Swimming Pool at night If you own a swimming pool and live in either NSW or Queensland, you need to make sure that your pool is registered. If you live elsewhere in Australia, it’s highly likely that similar regulations may be coming your way.

What is It?

The Pool Safety Register, alternatively referred to as simply the Pool Register, is a record of all private backyard pools and spas.

Throughout Australia, pool owners in all states and territories are already required by law to fence all backyard pools that are capable of holding water in excess of 300mm in depth. There are, to be fair, differences in the requirements depending on the age of the pool, the configuration of your property, the type and size of your property, and whether or not the property has waterfront access.

Additionally, local councils do have the ability to issue exemptions under certain special circumstances, including for disabled pool owners.

However, the ability to oversee and promote pool safety standards requires that state and/or council authorities have a reliable database of pool ownership.

At present, pool owners in Queensland and New South Wales are required by law to register their pools online or risk incurring a fine. Similar measures are currently being discussed and considered in Victoria, South Australia, and ACT.

Who’s it For?

The register is for all owners of backyard pools and spas, whether in ground or above ground. The register will provide pool owners with both required and recommended pool safety checklists, guidance, and updates in order to assist with the self-assessment of their pool’s compliance with regulations and legislation.

Why Have a Pool Register?

Drowning or near-drowning is the number one cause of death or injury to children aged 5 or under. In Australia, one under five year-old child drowns every week. In addition, for every child that drowns, at least another 6 children are admitted to hospital each week suffering from injuries associated with immersion or near-drowning accidents.

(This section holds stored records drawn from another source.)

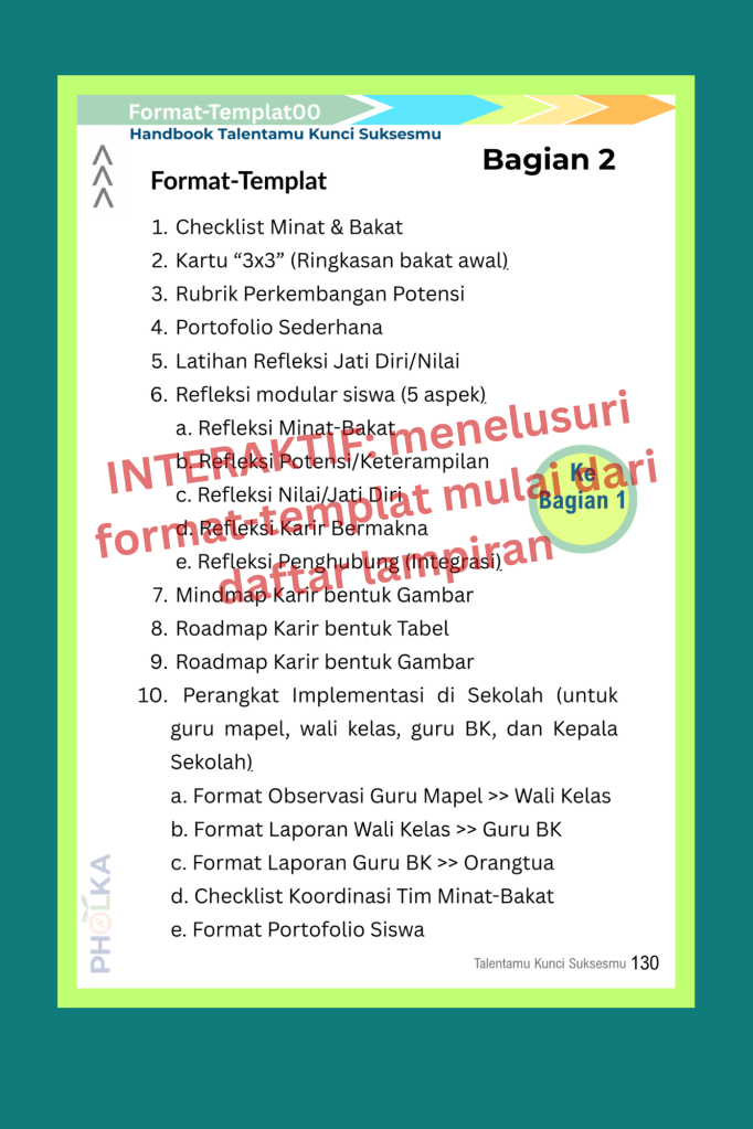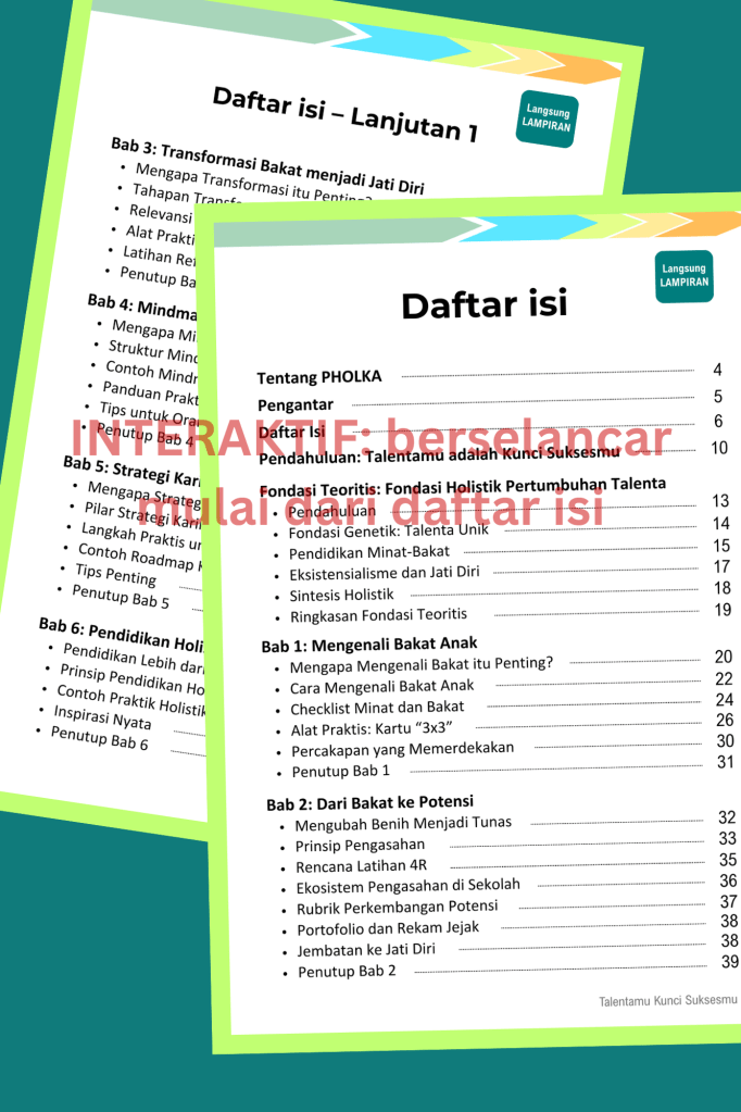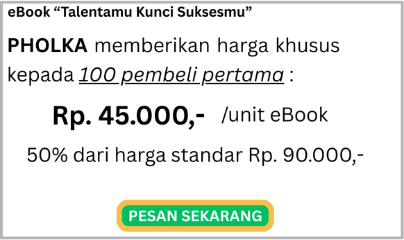 Melalui handbook “TALENTAMU KUNCI SUKSESMU”, PHOLKA ingin mengajak pendidik dan orangtua untuk bersinergi melakukan langkah-langkah mudah, konkret, dan realistis, untuk mendampingi anak tumbuh alamiah dengan jati dirinya dalam perjalanan meniti karir yang bermakna: mencapai sukses materiil, bahagia, dan bermanfaat bagi sesama.
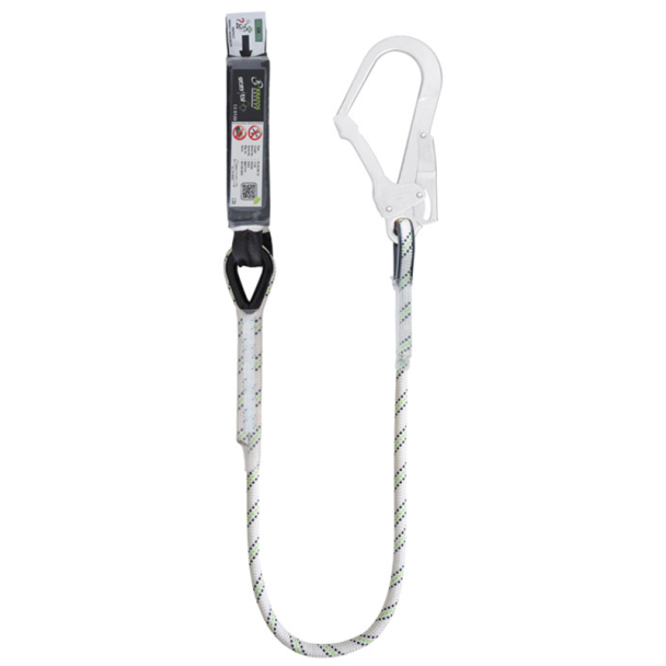 Ein Schwerkraft-Verbindungsmittel mit Falldämpfer aus Kernmantelseil wird in verschiedenen Hochrisikosituationen bei Arbeiten in der Höhe eingesetzt. Dieses Verbindungsmittel ist mit einem Gerüsthaken am Verankerungsende ausgestattet und wird häufig in Anwendungen eingesetzt, bei denen es auf Festigkeit und Haltbarkeit ankommt. Es verfügt über eine stoßdämpfende Funktion, um die Aufprallkräfte bei einem Sturz (unter 6 kN) zu reduzieren. Dieses Verbindungsmittel verfügt über einen Falldämpfer aus 35 mm breitem Gurtband und einem Polyamid-Kernmantelseil mit 11 mm Durchmesser und ist mit einem Gerüsthaken am Verankerungsende ausgestattet. Es eignet sich für den Einsatz mit festen Leitern, Gerüsten, Gitterkonstruktionen und horizontalen Arbeiten. Das Verbindungsmittel verfügt außerdem über ein Absturzindikator-Etikett, das vor jedem Gebrauch überprüft werden sollte. Wenn es einen Sturz aufgefangen hat, weist ein Schild mit der Aufschrift „NICHT OK“ darauf hin, dass die Ausrüstung nicht mehr verwendet werden darf.
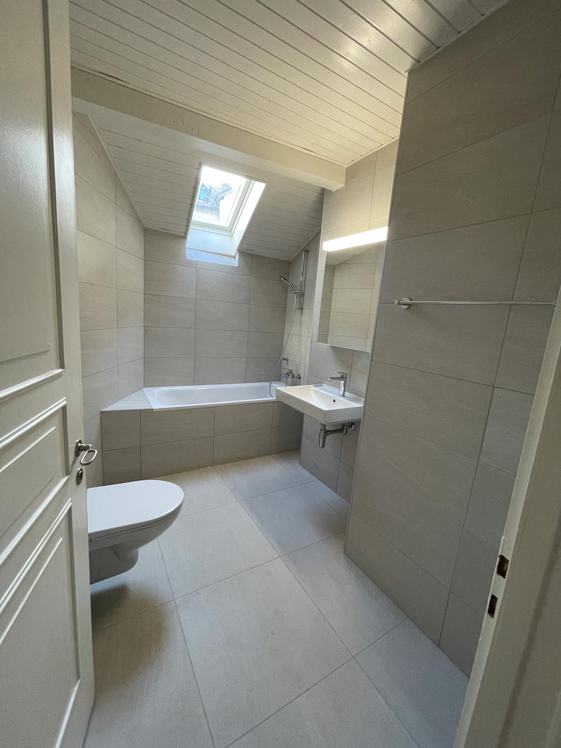 Redistribution des espaces pour plus de confort, installation de nouveaux sanitaires, mobilier contemporain et faïence murale design.
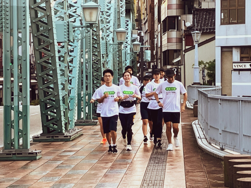 この日のコースは、金沢マラソンの前半コースをなぞる約19kmでした。あつい時期につみ重ねてきた練習の成果でしょうか。終盤まで、全員がたれずに走れました。最後はあえて本番ルートからすこし外れて、坂道チャレンジも。足腰に疲労を感じたメンバーもいましたが、声をかけあいながら無事に完走しました。ハーフマラソンに近い距離を走り切ることができて、達成感ハンパない学生さんたちでした。
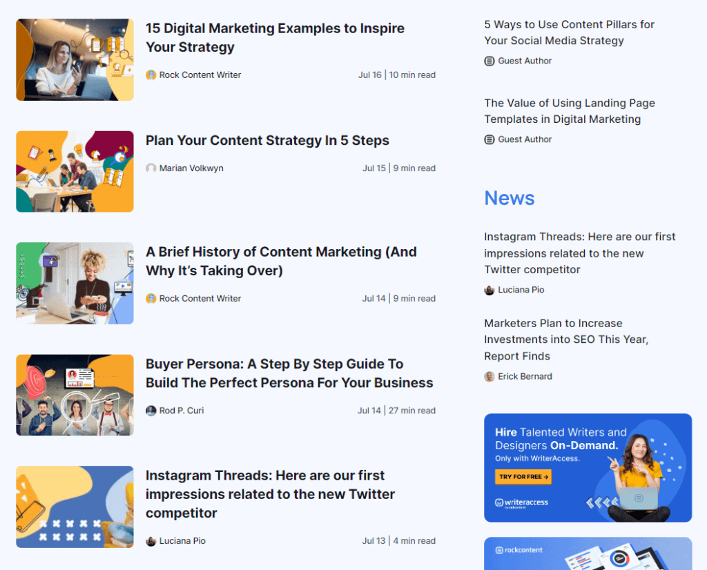 - Better Brand Recognition ‒ Growing your brand is much easier when people come to your blog to find out more information about a specific topic. Sites like HubSpot and Rock Content are good examples, as authorities within the digital marketing niche, they have excellent brand recognition within their industry.
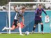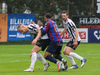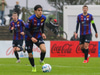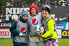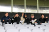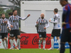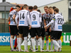 Liðin ganga inn á völlinn. KR leikur í hefðbundnu, svörtu og hvítu. Leiknir er einnig í hefðbundnu, fjólubláu og bláu.
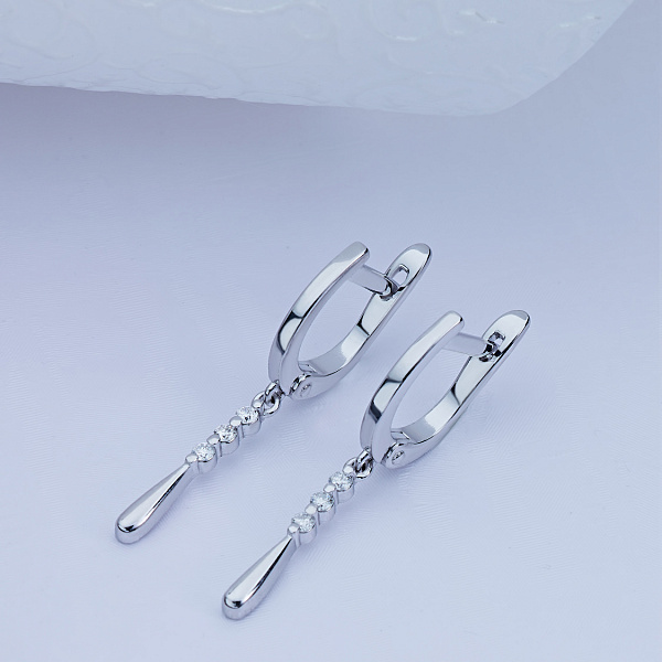 Обеци с диаманти е страхотно допълнение към Вашата колекция бижута. Продава се на цената на производителя (BGN 694.00). Бижута с истински якутски диаманти, изработени в завода EPL в Якутск. Сребро подчертава играта на светлината върху страните на диаманта, устойчив е на влага, подходящ за ежедневно носене. Нашите продукти се продават само в маркови магазини.
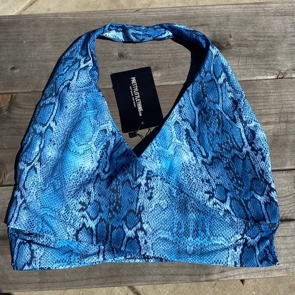 PrettyLittleThing Reptile Print Cross Over Halter Top USA Size 6 NWT
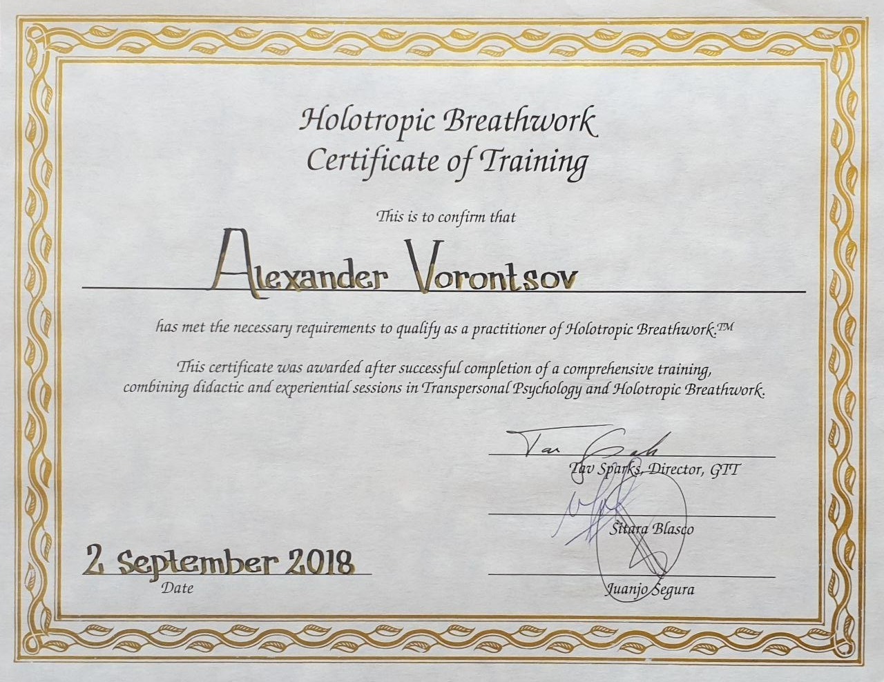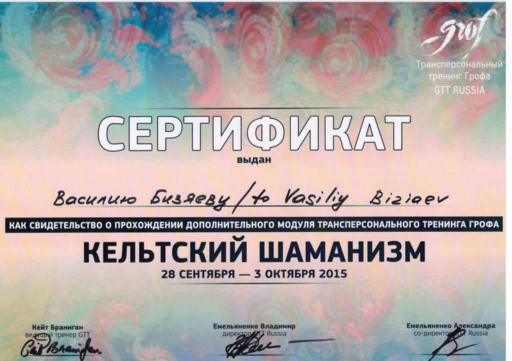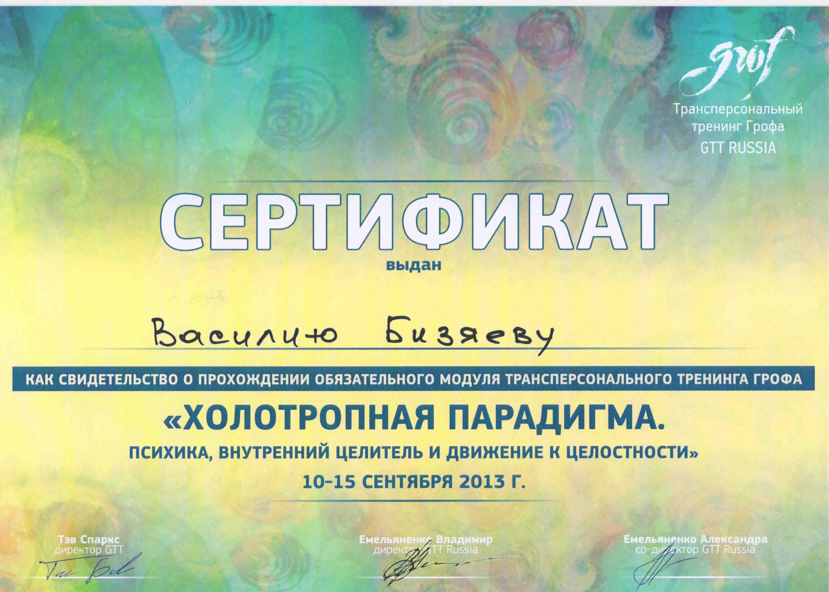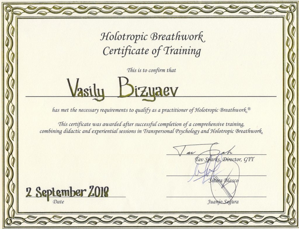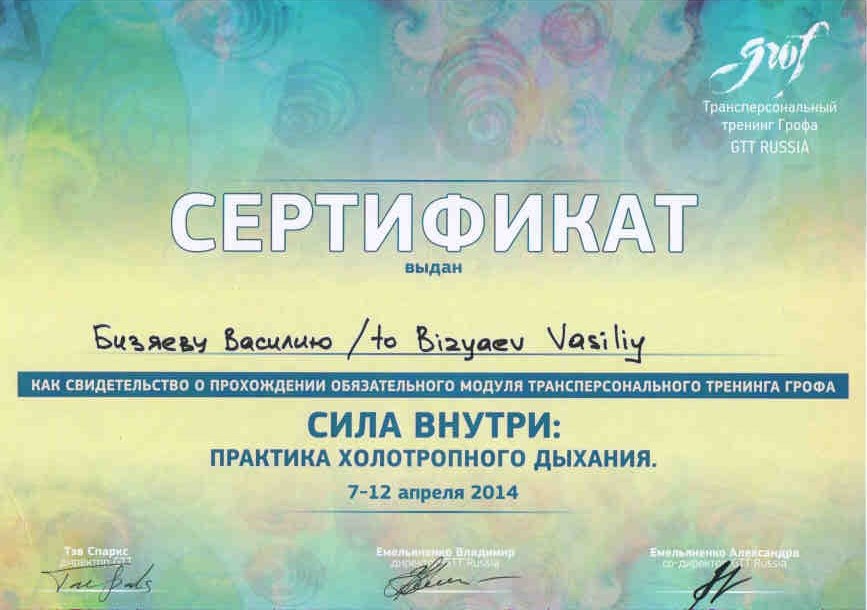 - международный сертификат по Холотропному Дыханию стандарт GTT от 2014 г

Almost 97% of these cases involve backyard pools where the child was either a resident or the invited guest of a friend or relative.

The Pool Safety Register is part of a wider initiative to promote pool safety, and pool compliance with already mandated safety legislation in order to reduce otherwise avoidable deaths and injuries to children occurring in backyard pools.

And, when it comes to safety, as a pool owner you have a duty to protect children; and ownership of a backyard pool brings with it similar responsibilities as those for operating a public pool.

Where to Register

As mentioned above, in Queensland and NSW pool owners are required by law to register their pools. Registration is done online and takes about 3 minutes, so it’s relatively painless.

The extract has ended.